(Source records)
==*==

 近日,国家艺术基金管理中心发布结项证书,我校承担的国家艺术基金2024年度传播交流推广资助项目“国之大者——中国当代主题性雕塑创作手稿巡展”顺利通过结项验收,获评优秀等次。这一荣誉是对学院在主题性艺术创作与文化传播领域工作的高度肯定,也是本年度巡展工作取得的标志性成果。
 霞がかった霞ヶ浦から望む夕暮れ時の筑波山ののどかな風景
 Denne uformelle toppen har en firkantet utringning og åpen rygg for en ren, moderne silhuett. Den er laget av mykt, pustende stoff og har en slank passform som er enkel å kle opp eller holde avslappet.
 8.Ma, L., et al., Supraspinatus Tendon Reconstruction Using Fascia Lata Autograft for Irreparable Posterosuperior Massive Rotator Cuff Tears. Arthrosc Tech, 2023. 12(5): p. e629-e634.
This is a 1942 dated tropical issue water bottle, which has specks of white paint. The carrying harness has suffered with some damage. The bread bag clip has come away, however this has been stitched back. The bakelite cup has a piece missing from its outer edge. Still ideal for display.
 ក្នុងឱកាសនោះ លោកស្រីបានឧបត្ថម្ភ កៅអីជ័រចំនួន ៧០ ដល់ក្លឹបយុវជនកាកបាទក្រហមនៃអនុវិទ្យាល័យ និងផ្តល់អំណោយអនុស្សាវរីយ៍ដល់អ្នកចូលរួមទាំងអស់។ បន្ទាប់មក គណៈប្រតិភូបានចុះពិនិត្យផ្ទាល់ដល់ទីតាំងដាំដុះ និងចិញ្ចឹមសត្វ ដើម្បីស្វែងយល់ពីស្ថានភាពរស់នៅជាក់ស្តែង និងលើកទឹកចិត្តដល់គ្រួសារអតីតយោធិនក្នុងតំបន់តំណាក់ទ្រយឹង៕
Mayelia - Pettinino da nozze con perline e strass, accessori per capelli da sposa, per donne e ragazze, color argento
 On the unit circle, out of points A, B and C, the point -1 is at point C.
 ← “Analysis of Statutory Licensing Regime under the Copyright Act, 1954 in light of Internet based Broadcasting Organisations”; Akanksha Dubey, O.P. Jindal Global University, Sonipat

==*==

Exercise objective: Without omitting anything, set down all the entries above again.

Answer section:
 近日,国家艺术基金管理中心发布结项证书,我校承担的国家艺术基金2024年度传播交流推广资助项目“国之大者——中国当代主题性雕塑创作手稿巡展”顺利通过结项验收,获评优秀等次。这一荣誉是对学院在主题性艺术创作与文化传播领域工作的高度肯定,也是本年度巡展工作取得的标志性成果。
 霞がかった霞ヶ浦から望む夕暮れ時の筑波山ののどかな風景
 Denne uformelle toppen har en firkantet utringning og åpen rygg for en ren, moderne silhuett. Den er laget av mykt, pustende stoff og har en slank passform som er enkel å kle opp eller holde avslappet.
 8.Ma, L., et al., Supraspinatus Tendon Reconstruction Using Fascia Lata Autograft for Irreparable Posterosuperior Massive Rotator Cuff Tears. Arthrosc Tech, 2023. 12(5): p. e629-e634.
This is a 1942 dated tropical issue water bottle, which has specks of white paint. The carrying harness has suffered with some damage. The bread bag clip has come away, however this has been stitched back. The bakelite cup has a piece missing from its outer edge. Still ideal for display.
 ក្នុងឱកាសនោះ លោកស្រីបានឧបត្ថម្ភ កៅអីជ័រចំនួន ៧០ ដល់ក្លឹបយុវជនកាកបាទក្រហមនៃអនុវិទ្យាល័យ និងផ្តល់អំណោយអនុស្សាវរីយ៍ដល់អ្នកចូលរួមទាំងអស់។ បន្ទាប់មក គណៈប្រតិភូបានចុះពិនិត្យផ្ទាល់ដល់ទីតាំងដាំដុះ និងចិញ្ចឹមសត្វ ដើម្បីស្វែងយល់ពីស្ថានភាពរស់នៅជាក់ស្តែង និងលើកទឹកចិត្តដល់គ្រួសារអតីតយោធិនក្នុងតំបន់តំណាក់ទ្រយឹង៕
Mayelia - Pettinino da nozze con perline e strass, accessori per capelli da sposa, per donne e ragazze, color argento
 On the unit circle, out of points A, B and C, the point -1 is at point C.
 ← “Analysis of Statutory Licensing Regime under the Copyright Act, 1954 in light of Internet based Broadcasting Organisations”; Akanksha Dubey, O.P. Jindal Global University, Sonipat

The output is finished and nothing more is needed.